The excessive criminalization has led to permanent stigma attached with these communities, leading to denial of employment opportunities. A person would be picked up overnight, spend a night in jail and now will have a criminal record leading to denial of job opportunities. And this means very real economic and social harm for an already marginalized group. Similar cases have also come up for children, who are being put in observation homes for smallest of things, and thus ruining their chances of continued education and a better future.

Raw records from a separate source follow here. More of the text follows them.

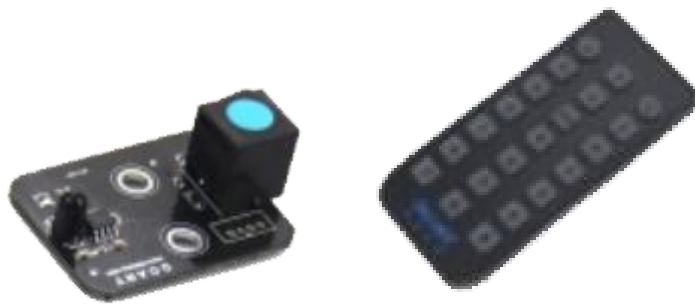
图 1 红外遥控模块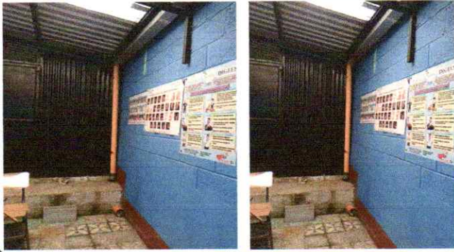
Sustitucion de bajadas de aguas pluviales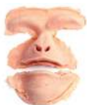
Affen Gesicht Latexschaum hautfarben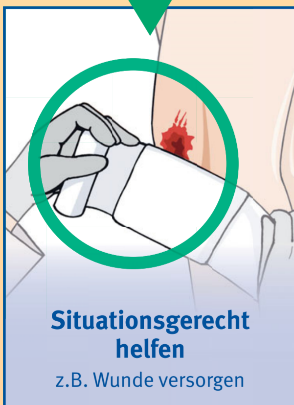
Situationsgerecht helfen z.B. Wunde versorgen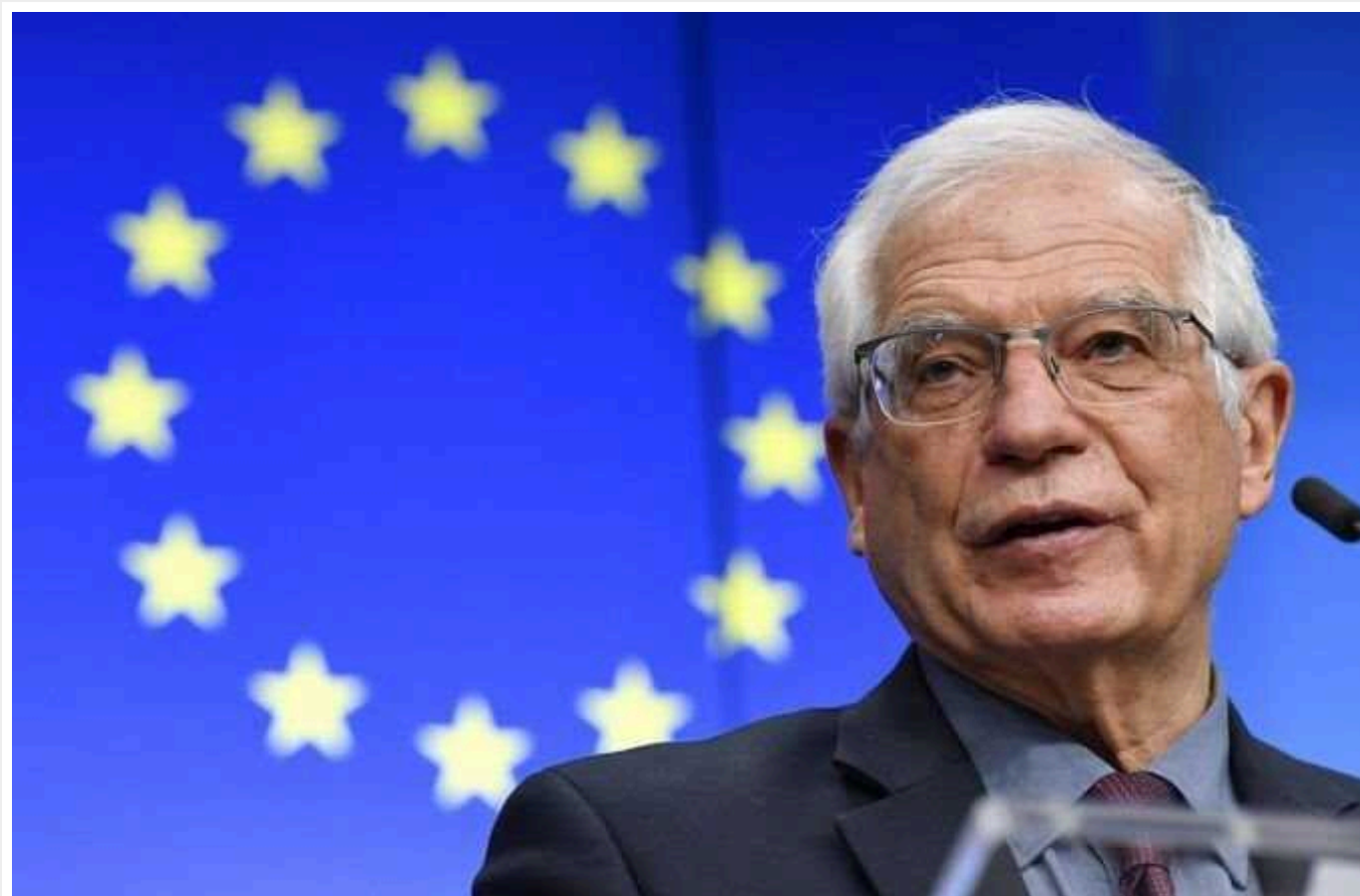
Боррель анонсував затвердження Фонду військової допомоги Україні від ЄС

Євросоюз може вже найближчими днями створити військовий Фонд допомоги Україні в рамках Європейського фонду миру. Це питання сьогодні було обговорено на неформальній зустрічі міністрів закордонних справ ЄС.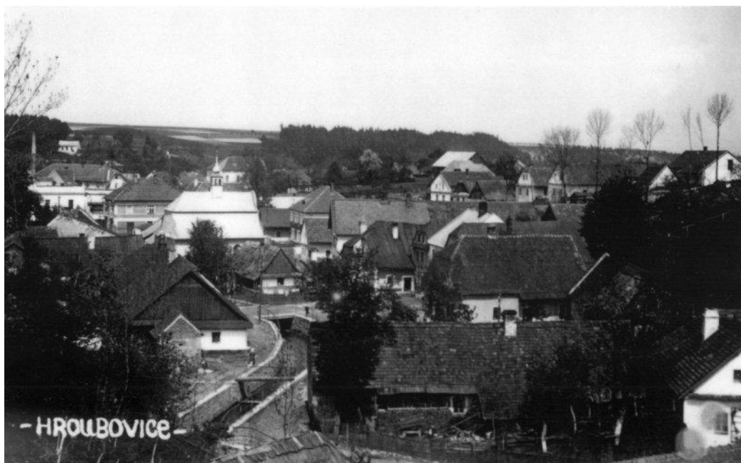
64: Hroubovice v meziválečném období.

Další židovské obce v chrudimském okrese zanikaly většinou ještě dlouho před druhou světovou válkou následkem stěhování do měst. Mezi tyto obce patří Přestavky, kde se dochoval hřbitov a dům, kde byla synagoga, jakož i dům, kde byla rituální lázeň, mikve. Dále Zájezdec, kde se dodnes dochoval pouze hřbitov, a obec Dřevíkov, kde se dochovala celá židovská ulička včetně synagogy, dnes již přestavěné na obytný dům, a v původní podobě jakožto nemovitá kulturní památka existuje dodnes roubená chalupa čp. 47, kde bývala vinopalna a později též pekárna. Pro zajímavost, tento citlivě renovovaný dům byl v nedávné době na prodej za částku o málo přesahující půl milionu korun – tržní cena je dána zcela jinými faktory, ve kterých historická hodnota nemovité kulturní památky na trhu s nemovitostmi bývá považována často spíše jako přítěž. Dále najdeme stopy židovské obce v Hlinsku, a to hřbitov a budovu synagogy, která byla postavená v roce 1907, až 15 let potom, co po právní stránce zdejší židovská obec přestala být samostatnou židovskou obcí a byla přičleněna k obci heřmanoměstecké. Synagoga byla již před válkou prodána, dnes slouží jako muzeum a je k nepoznání přestavěná. Protože židovské osídlení Hlinska spadá především do 2. poloviny 19. století, nenajdeme zde žádnou židovskou čtvrť ani ulici, jako v místech se starším osídlením. Až do druhé světové války hráli Židé v Hlinsku významnou roli na poli průmyslové výroby – můžeme jmenovat kožešnickou továrnu Rudolfa Schulhofa,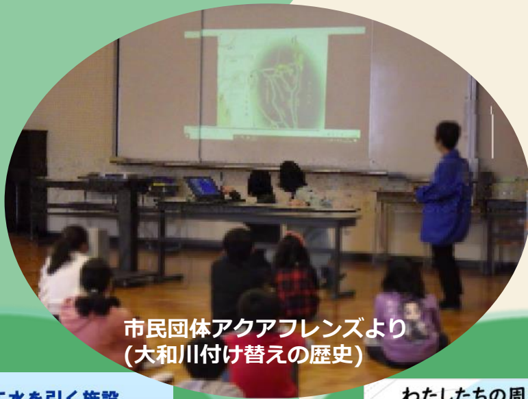
(大和川付け替えの歴史)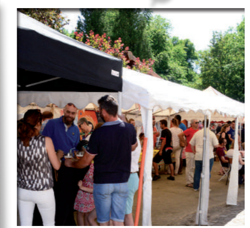
Juin: 2ème round pour le festival du Musée de la Bière qui confirme le succès de cette nouvelle animation.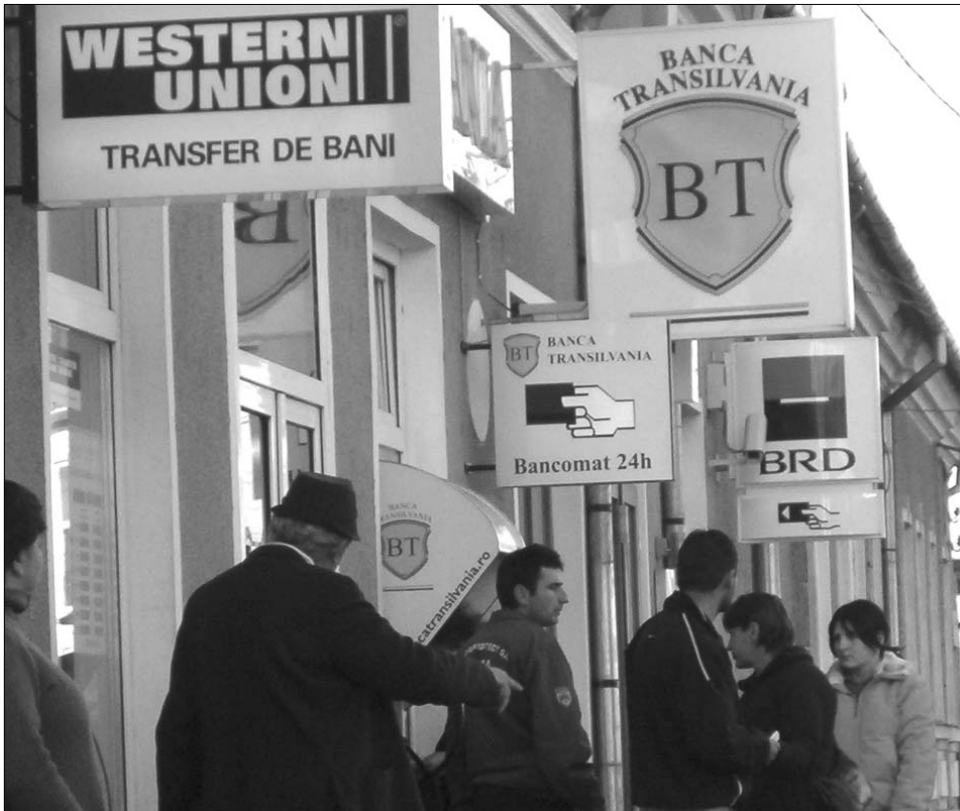
Az előző évhez képest 2009-ben kevesebb pénzt vehettek le kártyájukról a romániai dolgozók

„A döntéshozók sok esetben nincsenek tisztában azzal, hogy milyen hosszútávú következmé-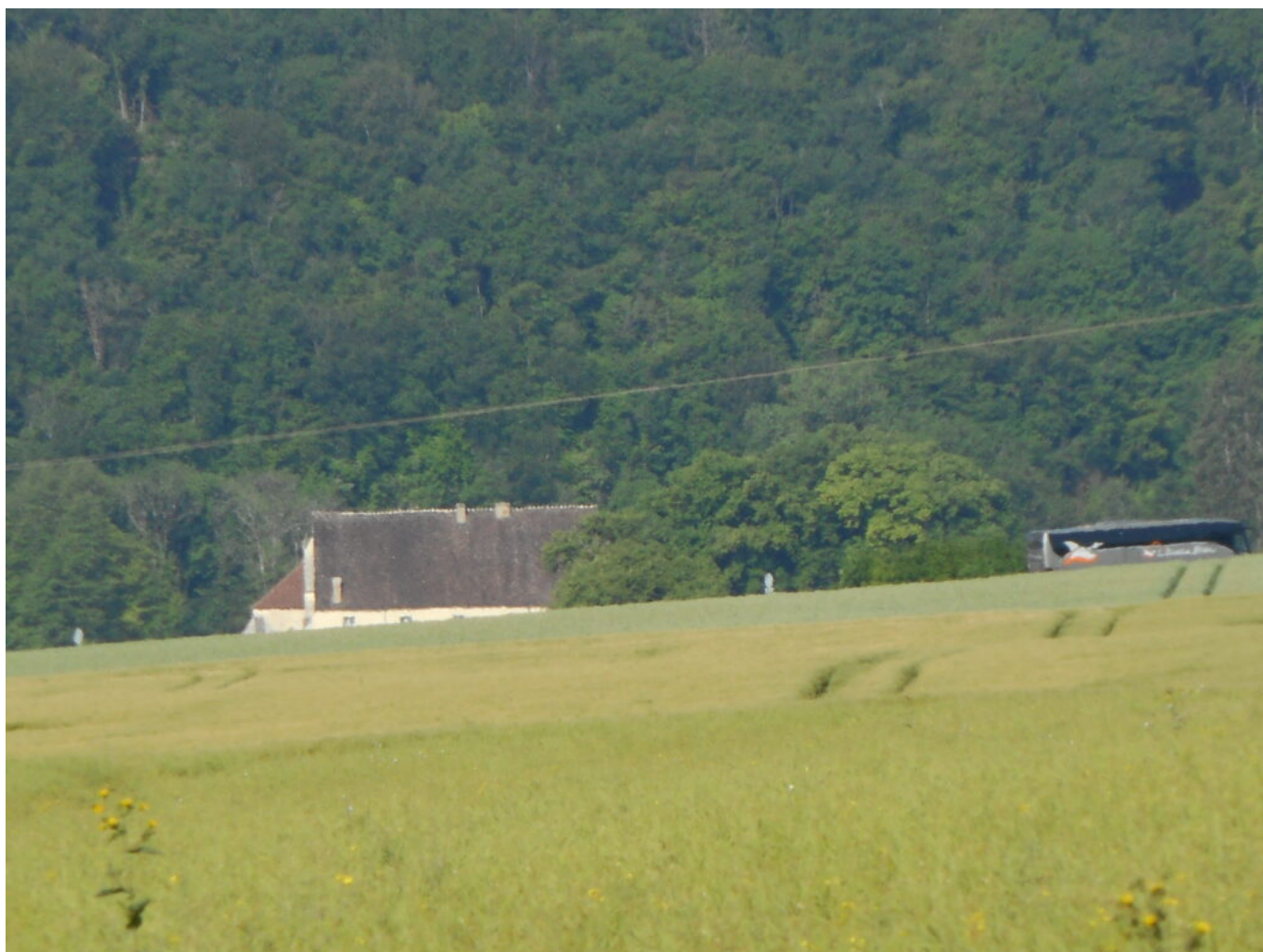
L'abbaye de Reigny vue au téléobjectif de la métairie de la Femme Morte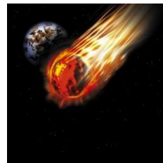
流れ星に願いを込める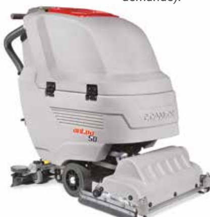
Antea 50 BTS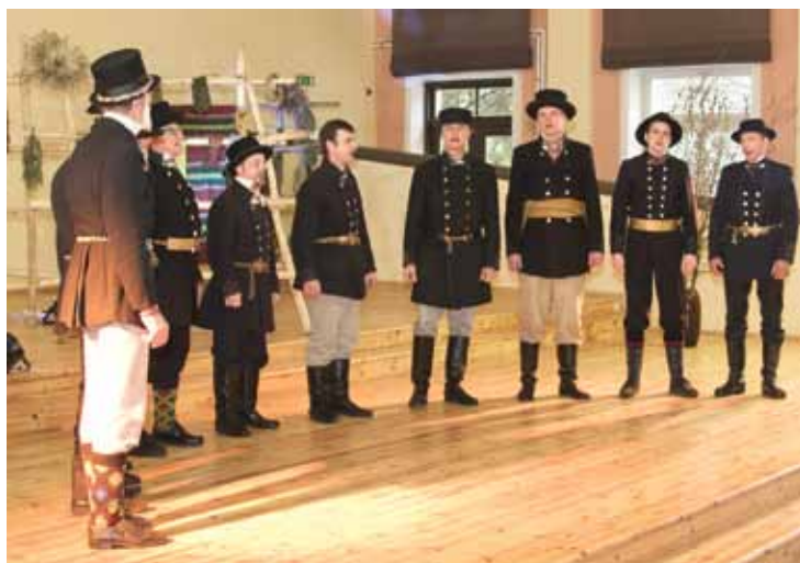
Kā teica Suitu vīri : ja vajag par puķēm, būs par puķēm (skan Visiem rozēs dārzā ziedēj ).

The tag of criminalization also leads to extensive surveillance. We've had people from these communities tell us that because they've spent X number of months in jail on very petty offences, say like alcohol possession or gambling on smaller loads, when they come back, they know that there is mukhbir or physical police surveillance. They tell us that they're scared to step out to even have a cup of tea with their friends at the local tea store. There is a very explicit sort of curtailment of liberties that comes with respect to, being wrongfully incarcerated, or spending time in prison even as an undertrial. But second level, there is also self-censorship that cannot be separated from state surveillance or state criminalization. Avoiding certain foods, avoiding certain kinds of public spaces, avoiding certain kinds of activities altogether- these are all self-imposed curtailments of one's liberties only because one is afraid of being targeted by the police or picked up as a result of police arbitrariness. Entire communities, not just the individual targeted suffer harm and live in permanent state of fear.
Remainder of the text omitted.